# Central limit theorem and estimates of probability

1. Apr 9, 2015

### lotsofmoxie

1. The problem statement, all variables and given/known data
Assume five hundred people are given one question to answer - the question can be answered with a yes or no. Let p =the fraction of the population that answers yes. Give an estimate for the probability that the percent of yes answers in the five hundred person sample is bigger than that of in the whole population (p) by more than 5 %
2. Relevant equations

central limit theorem

p is NOT provided.

3. The attempt at a solution

N=.55*500
n=500

using a typical normal approximation to the binomial we get

P(X>N)=1-CDFOFNORMALDIST[(N-np)/sqrt(n*p*(1-p))]

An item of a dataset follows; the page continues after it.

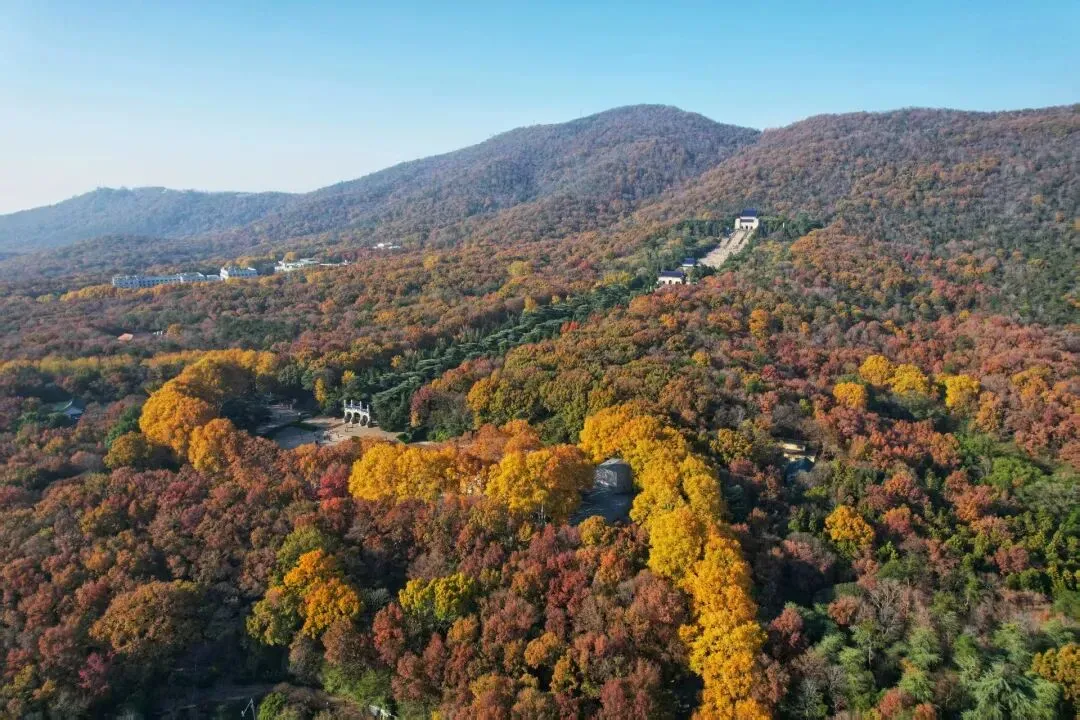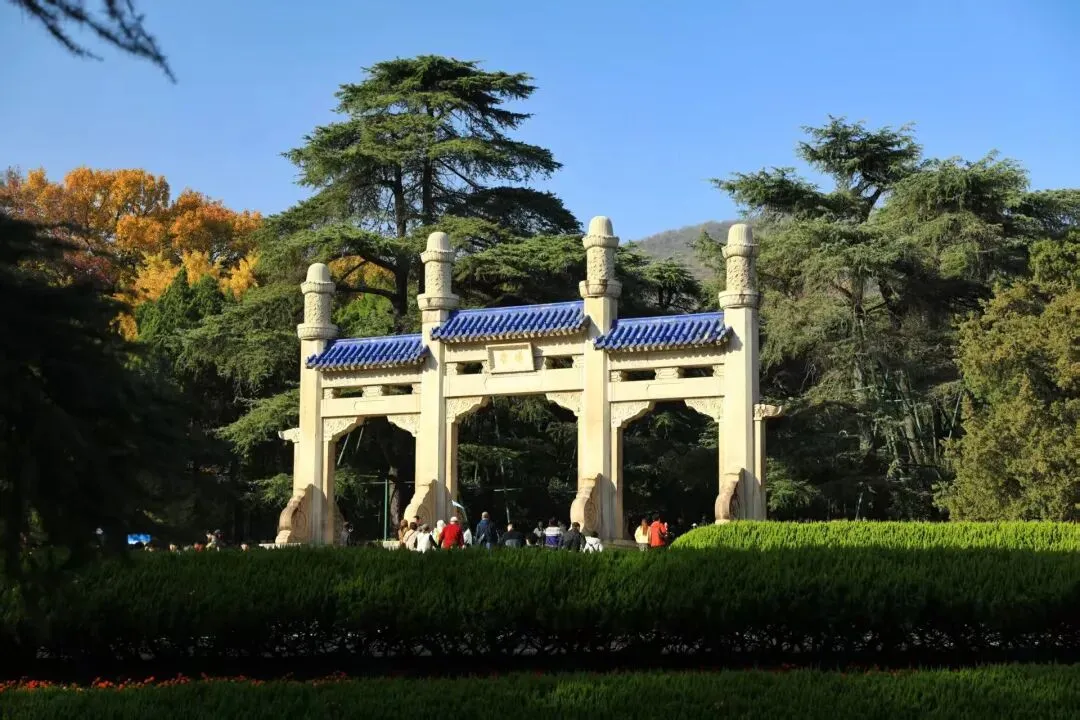 中山陵建筑群依山势而建,由南往北沿中轴线逐渐升高,主要建筑有博爱坊、墓道、陵门等,排列在一条中轴线上,从空中往下看,像一座平卧在绿绒毯上的“自由钟”。
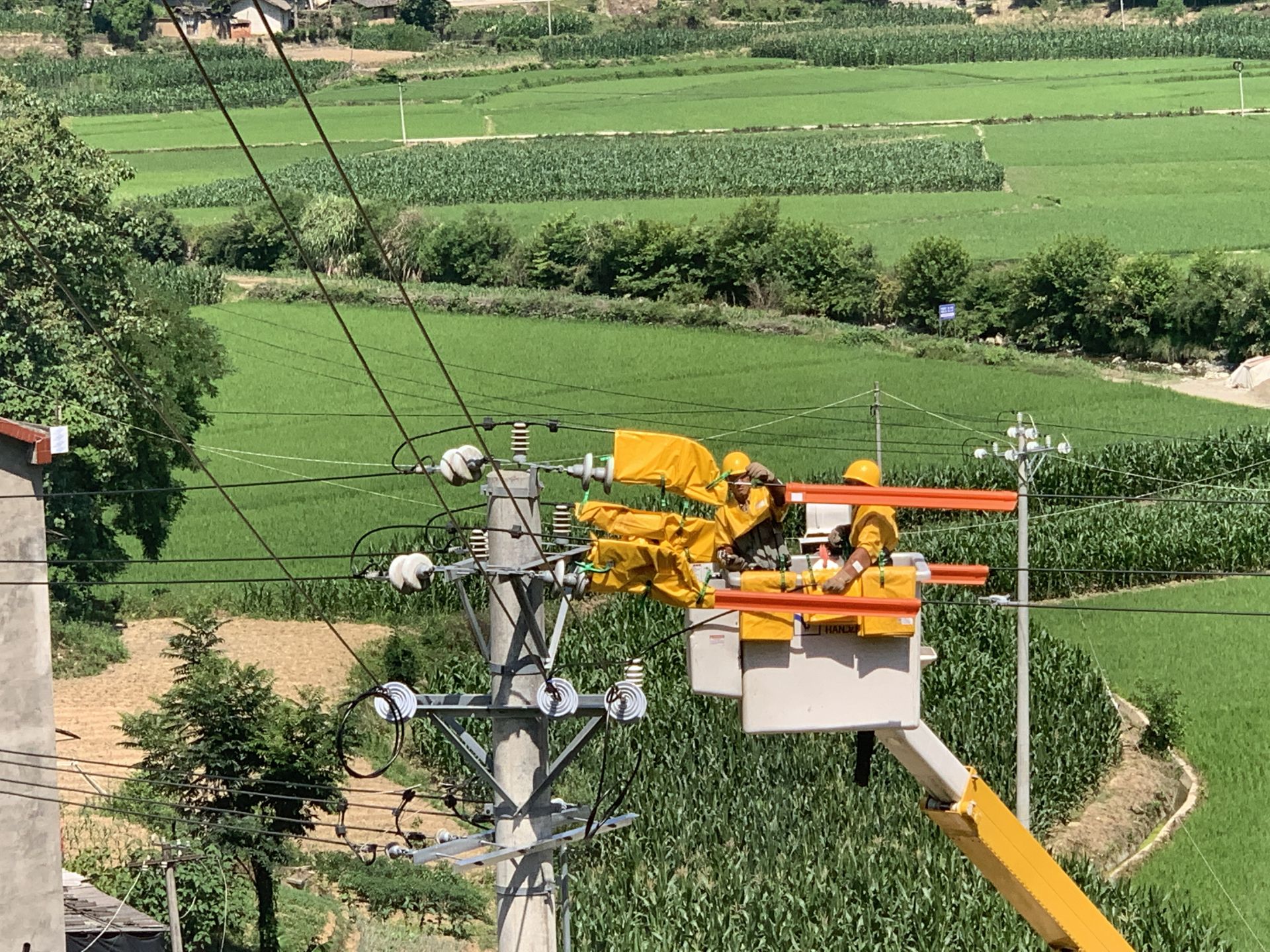 带电搭火作业现场,工作人员全副武装,戴上绝缘手套,穿上厚重绝缘服,乘坐绝缘斗臂车到达高空作业点。工作人员对带电路进行绝缘处理后,剪断引流线实施导线搭接。烈日当空,高温下的斗臂箱内,温度高达50摄氏度。工作人员强忍炎热、密切配合,经过一个小时紧张施工,完成搭火作业任务。

How can we go farther than this if we don't have an explicit value for p?

Last edited: Apr 9, 2015
2. Apr 10, 2015

### Simon Bridge

You have to use your understanding of how the distribution of the sample compares with the distribution in an entire population.
Be careful, you have used the variable "p" to mean at least two different things.

3. Apr 10, 2015

### lotsofmoxie

What can we say about the population distribution besides it is binomial and about the sample distribution besides its average is approximately normal with large enough n?

Last edited: Apr 10, 2015
4. Apr 10, 2015

### lotsofmoxie

I'm really not seeing how it is possible to do this problem without knowing the probability that a particular person answers yes or no. You need this to calculate an exact Z value, and how large or small it is makes a huge difference to the answer. My gut tells me that we are just supposed to assume that this is equal to .5 (equal chance of yes or no), but maybe I'm just stupid and missing something big conceptually.

Last edited: Apr 10, 2015
5. Apr 10, 2015

### lotsofmoxie

I'm really not seeing how it is possible to do this problem without knowing the probability that a particular person answers yes or no. You need this to calculate an exact Z value, and how large or small it is makes a huge difference to the answer - from what I can see, the central limit theorem explicitly requires it in order to use the normal distribution at all. My gut tells me that we are just supposed to assume that this is equal to .5 (equal chance of yes or no), but maybe I'm just stupid and missing something big conceptually.

6. Apr 10, 2015

### pcm

As Simon said you are using p for two different things. You can use the fact that p(1-p) (where 0<p<1) has a maximum value(find it). You can use it to get a bound for your answer.

7. Apr 10, 2015

### lotsofmoxie

Hmmm. So the max value of p(1-p) (if I'm using p = probability that a given person answers yes to the question) would be 1/2. So I can plug that into my z value?

8. Apr 10, 2015

### pcm

It's not 1/2. Check your calculation.

9. Apr 10, 2015

### lotsofmoxie

Err sorry, typo. It's 1/4.

so we get P(X>275) >= 1-cdfnorm[(275-275*p)/(sqrt(n/4))

what about the p in the numerator? Are we trying to get a lower or upper bound?

10. Apr 10, 2015

### lotsofmoxie

Is the answer zero? I can post my reasoning if its forum policy or something

Last edited: Apr 10, 2015
11. Apr 10, 2015

### WWGD

Try a hypothesis test for population proportions, which relates the actual population proportion to the sample proportion. You first find the standard deviation $\sigma$ of the sampling distribution of the population proportion P :

$\sigma = \sqrt {\frac {P(1-P)}{n}}$ and then use the normally-distributed statistic z:

$z =\frac {p-P}{\sigma}$ , where p is the sample proportion. This gives you the probability of obtaining a sample proportion value p in a population with actual proportion P.

From this calculate the percentile value associated with the $z$-value you got. You want to find the probability that p-P>0.05.